It said the accord sought to "legalise the action of terrorist bands and the criminal KLA''.
Russia also criticised the plan which will see the KLA transformed into the Kosovo Protection Corps. The foreign ministry said the ethic Albanian organisation should have been totally dissolved. It said the agreement created a paramilitary organisation that complicated the process of finding a political settlement in Kosovo. Weapons The KLA signed the deal on its demobilisation and demilitarisation on Monday under intense pressure from Nato and the United Nations.
It will be restricted to 200 weapons for guard duties. Nato Secretary-General Javier Solana hailed the agreement as a "milestone for the ongoing peace implementation efforts" in Kosovo. He said all the weapons the KLA had been required to hand over were now in storage sites under K-For control. And he warned that anyone violating weapons bans would be "dealt with severely". Suspicious But a senior Serbian official said the new force was "very, very suspicious" and that the accord violated the UN Security Council resolution which put a formal end to the 11-week Nato bombing of Yugoslavia.
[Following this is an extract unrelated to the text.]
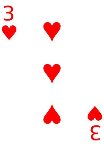 Keywords: Cards-3-Heart.svg Part of a set of SVG Playing Cards Own 2008-05-05 me Public Domain GW Simulations en 3 of Hearts SVG playing cards 1 Individual playing cards SVG playing cards ™¥
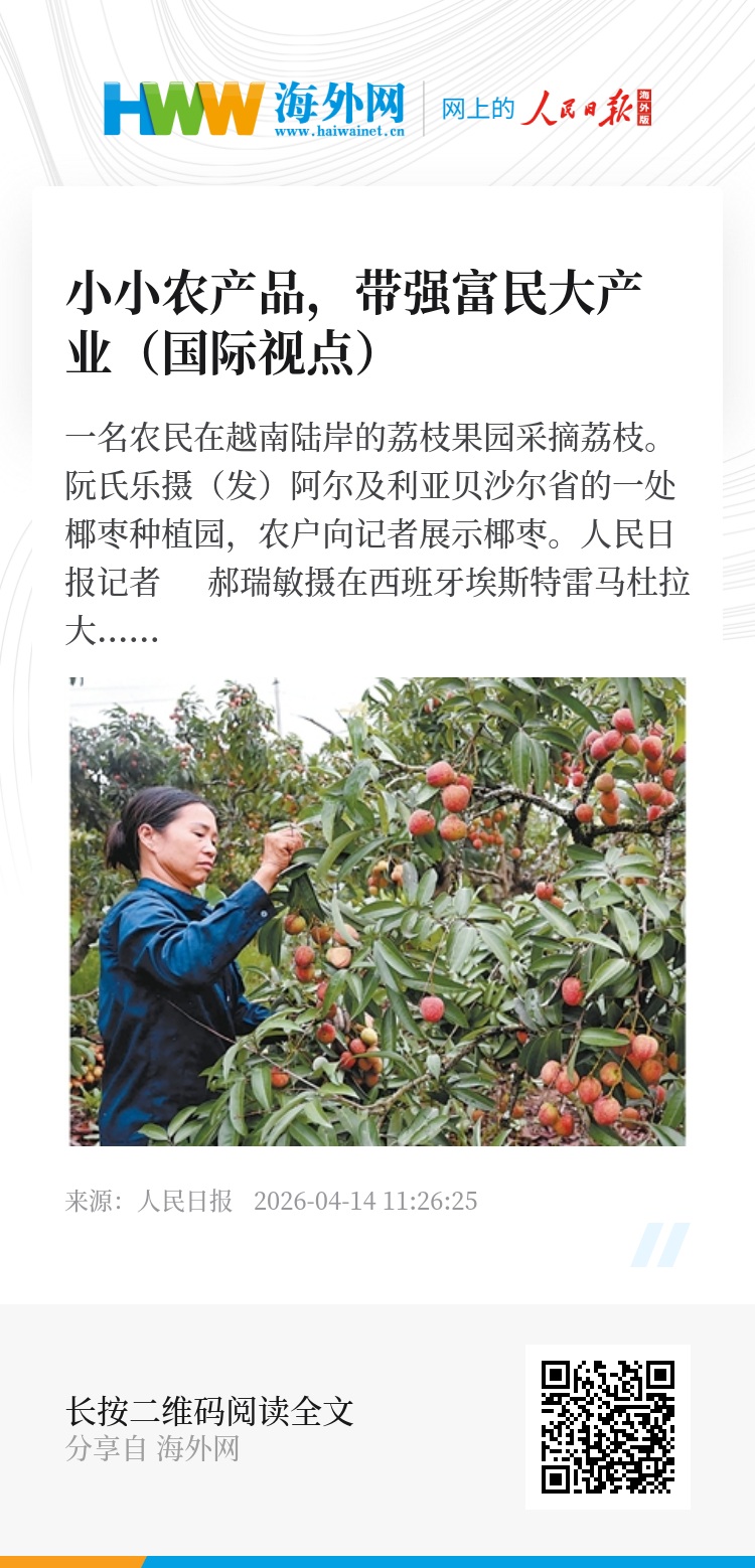 枝头的荔枝,通过多元开发变身“创汇”佳品;小小橄榄果,撑起全球1/4的橄榄种植规模;沙漠中的椰枣树,成为当地民众的“致富树”……近年来,越南、西班牙、阿尔及利亚等国立足本土资源禀赋,通过延伸产业链、打造品牌力、创新业态模式,推动特色农产品从“枝头”走向“端头”、从初级产品迈向高附加值商品。

The ethnic Albanian KLA waged an armed campaign against Serb rule in Kosovo for more than a year. About 200,000 Serbs and other non-Albanians have left Kosovo in the last three months fearing reprisals following the withdrawal of Yugoslav forces from the province. Minorities The UN administrator for Kosovo, Bernard Kouchner said the corps would include representatives of Kosovo's minorities including Serbs. He said a transition period of at least 60 days would be necessary to get the new corps fully operational. The KLA was originally due to have been disbanded at midnight on Sunday, but discussions became deadlocked over the role of the new body. KLA leaders wanted the force to be the basis for a new army of an independent Kosovo and were demanding the right for more members to bear arms. But Nato insisted on a lightly-armed civil defence body restricted to humanitarian work and disaster relief.